Top of GIVEN ENTRIES

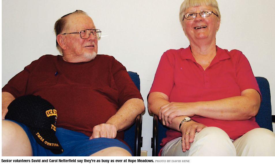 Senior volunteer Carol Veit first heard about Hope Meadows during the mid ’90s in a Southwest Airlines magazine. A mother of two and a former physical therapist from El Paso, Texas, Veit says she knew long before she retired that she wanted to volunteer at Hope. Though she has only lived there for about two months, Veit says she is already finding her place in the community, volunteering to work with children at the neighborhood activity center and acting as an “unofficial taxi service,” driving children to places outside the threestreet area making up Hope Meadows.
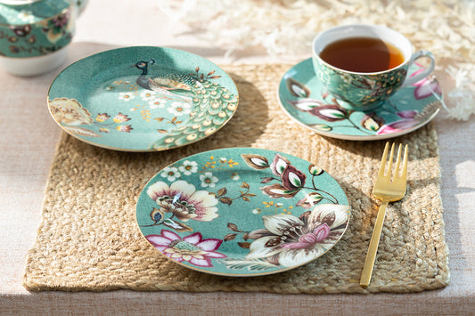 Peacock Lotus Garden Green Fine Porcelain Dessert Plate Set of 2
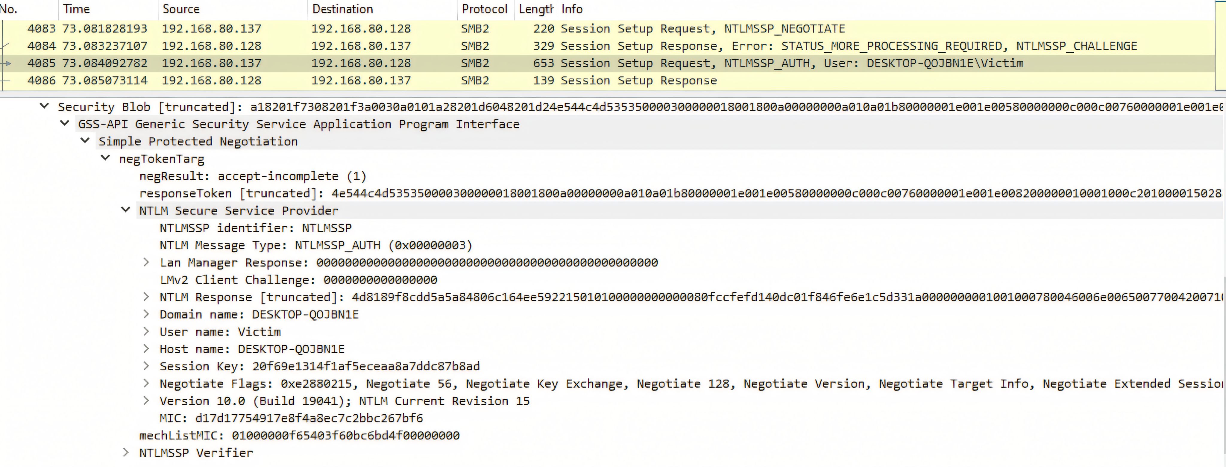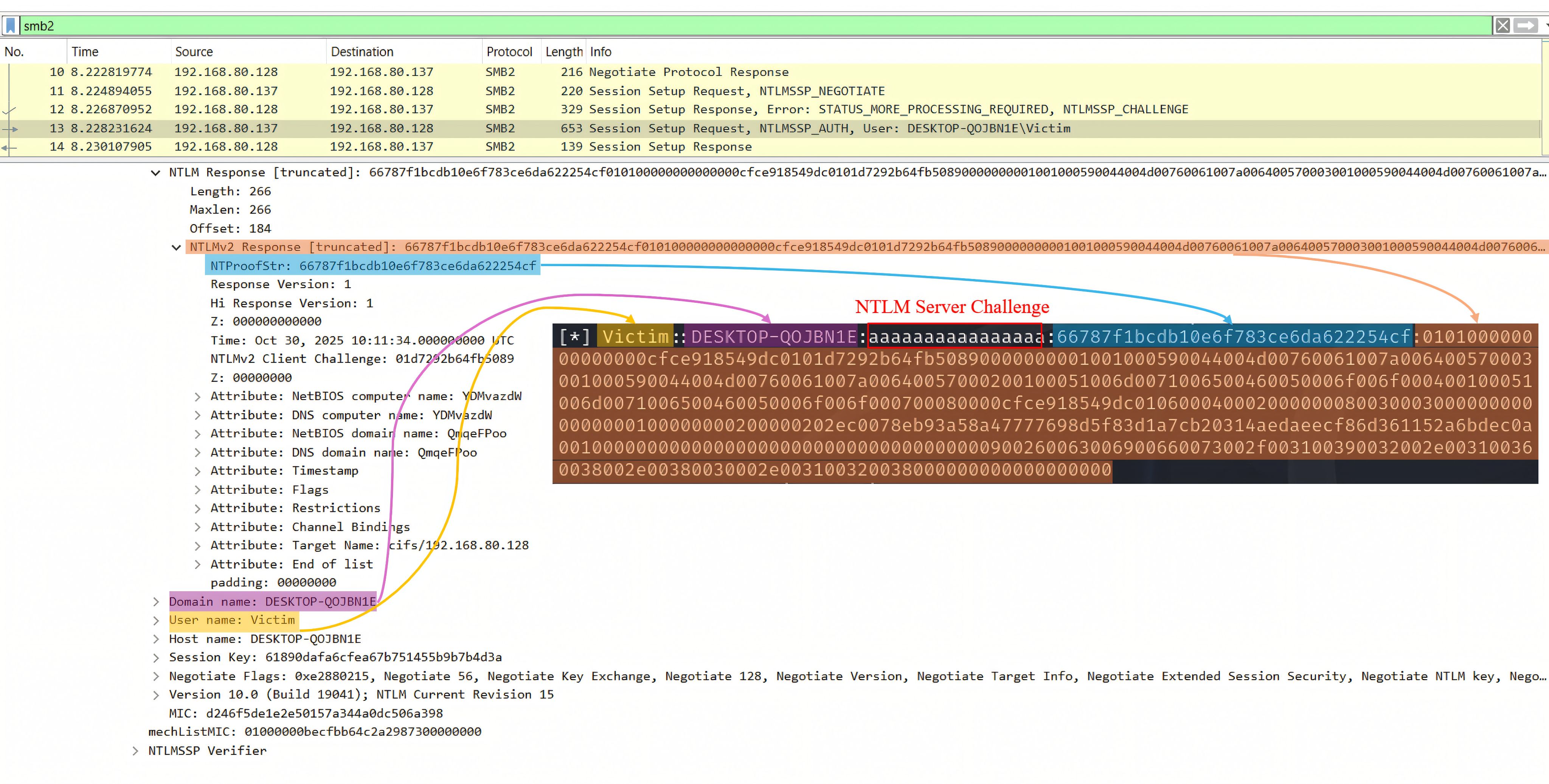 Although NTLM is a challenge–response protocol, it remains attractive to attackers because the authentication exchange is directly usable in hostile network conditions. During SMB session setup, the remote endpoint receives authentication metadata and the challenge–response values required to authenticate the client. If an adversary can operate the destination endpoint (e.g., an attacker-controlled SMB server) or can intercept/terminate the connection in transit, they may capture NTLM exchange material and attempt follow-on abuse such as NTLM relay or offline password guessing, depending on the environment’s protections
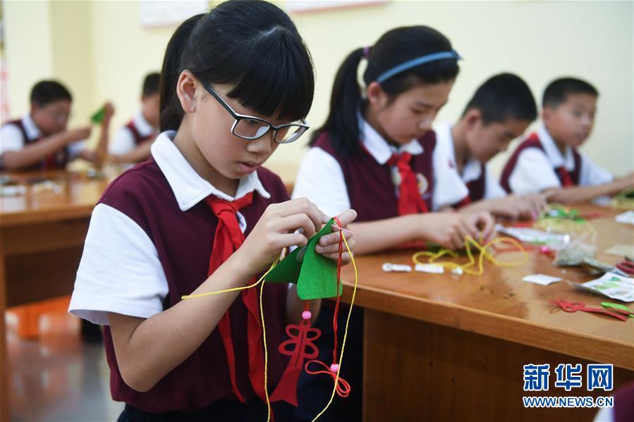 6月4日,洲泉镇洲泉实验小学的学生们在端午民俗课上学习香袋的制作。
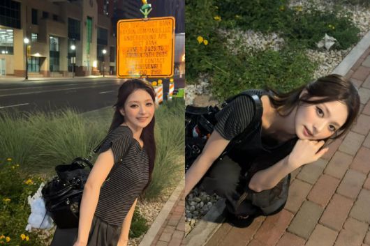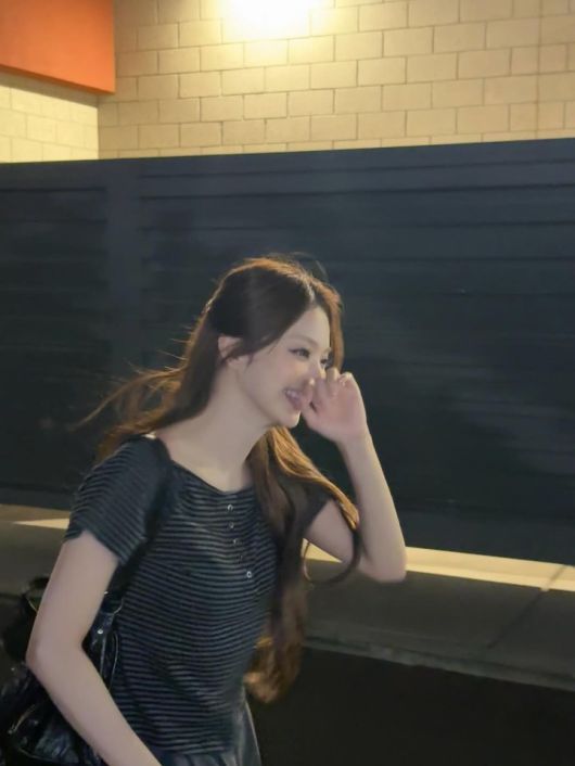 공개된 사진 속 이나경은 도심의 가로등 불빛 아래에서 스트라이프 티셔츠와 블랙 스커트를 매치한 심플한 룩으로 캐주얼한 무드를 선보였다.

Bottom of GIVEN ENTRIES

*WORK TO COMPLETE*
Your task is to repeat exactly the lines from the beginning of the data to the line that contains "Peacock Lotus Garden", both ends included, leaving out pictures.

*WRITTEN ANSWER*
 Senior volunteer Carol Veit first heard about Hope Meadows during the mid ’90s in a Southwest Airlines magazine. A mother of two and a former physical therapist from El Paso, Texas, Veit says she knew long before she retired that she wanted to volunteer at Hope. Though she has only lived there for about two months, Veit says she is already finding her place in the community, volunteering to work with children at the neighborhood activity center and acting as an “unofficial taxi service,” driving children to places outside the threestreet area making up Hope Meadows.
 Peacock Lotus Garden Green Fine Porcelain Dessert Plate Set of 2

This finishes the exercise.